"The value of Sam Peckinpah's work is still very much in question; its intensity is not. And art that expresses such energy and passion, such a commitment to personal impulse, commands, at least, respectful attention. The Wild Bunch and Straw Dogs, whatever one's estimate of them, have that combination of candour and force which announces an artist who is not afraid of appearing ridiculous; those who profess to find them no more than ridiculous are perhaps nervously insulating themselves from the films' ferocious and contagious energy. At the same time, one may comment at the outset that it is a great pity that, in the eyes of the public and most critics, Peckinpah's gentler and arguably finest films (I think especially of The Ballad of Cable Hogue and Junior Bonner) have been so overshadowed by the spectacular and explosive violence in the more notorious works- a violence that is certainly a major component of his artistic personality, but by no means the whole story.

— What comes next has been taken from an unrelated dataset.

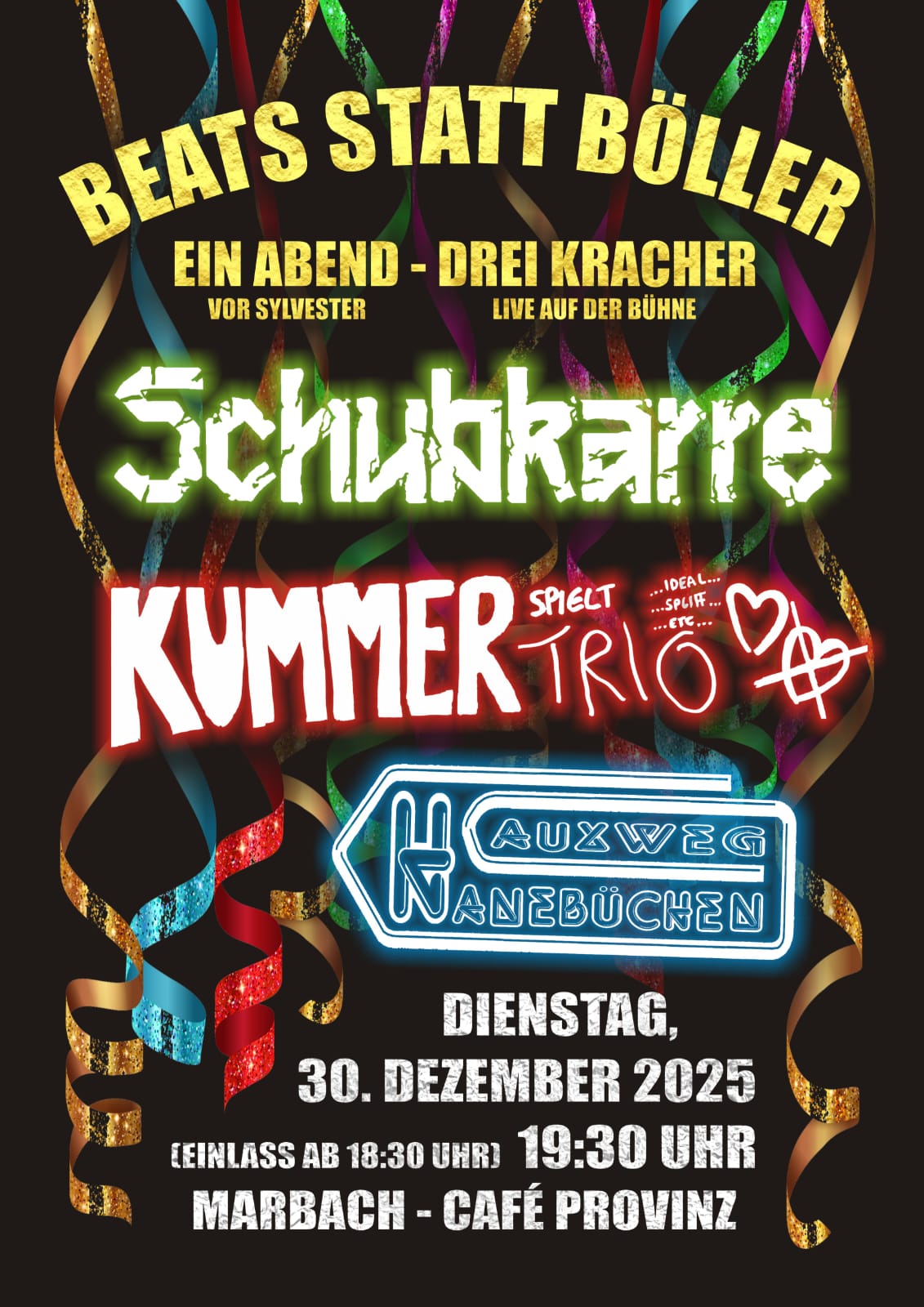 Mit dabei sind KUMMER (spielt Trio, Ideal, Spliff…) und AUXWEG HANEBÜCHEN.

Peckinpah's work situates him firmly within the great tradition of the American cinema. I mean by this rather more than that he has repeatedly returned to the Western genre.... For all their radical differences of temperament and emphasis, Peckinpah (born in 1926) is the heir of Ford- an heir Ford would perhaps not have wished to acknowledge, but an heir none the less. Ford's work shows a consistent involvement with America both as a country and as an idea: his later films are evidence of a growing disillusionment with that idea. But Ford, rooted in those ideals of the American future looked forward to in his earlier work, could never quite make the transition from disillusionment to active rage and antagonism; even Liberty Valance is ultimately dominated by nostalgia."
Robin Wood - 'Sam Peckinpah,' Cinema: A Critical Dictionary.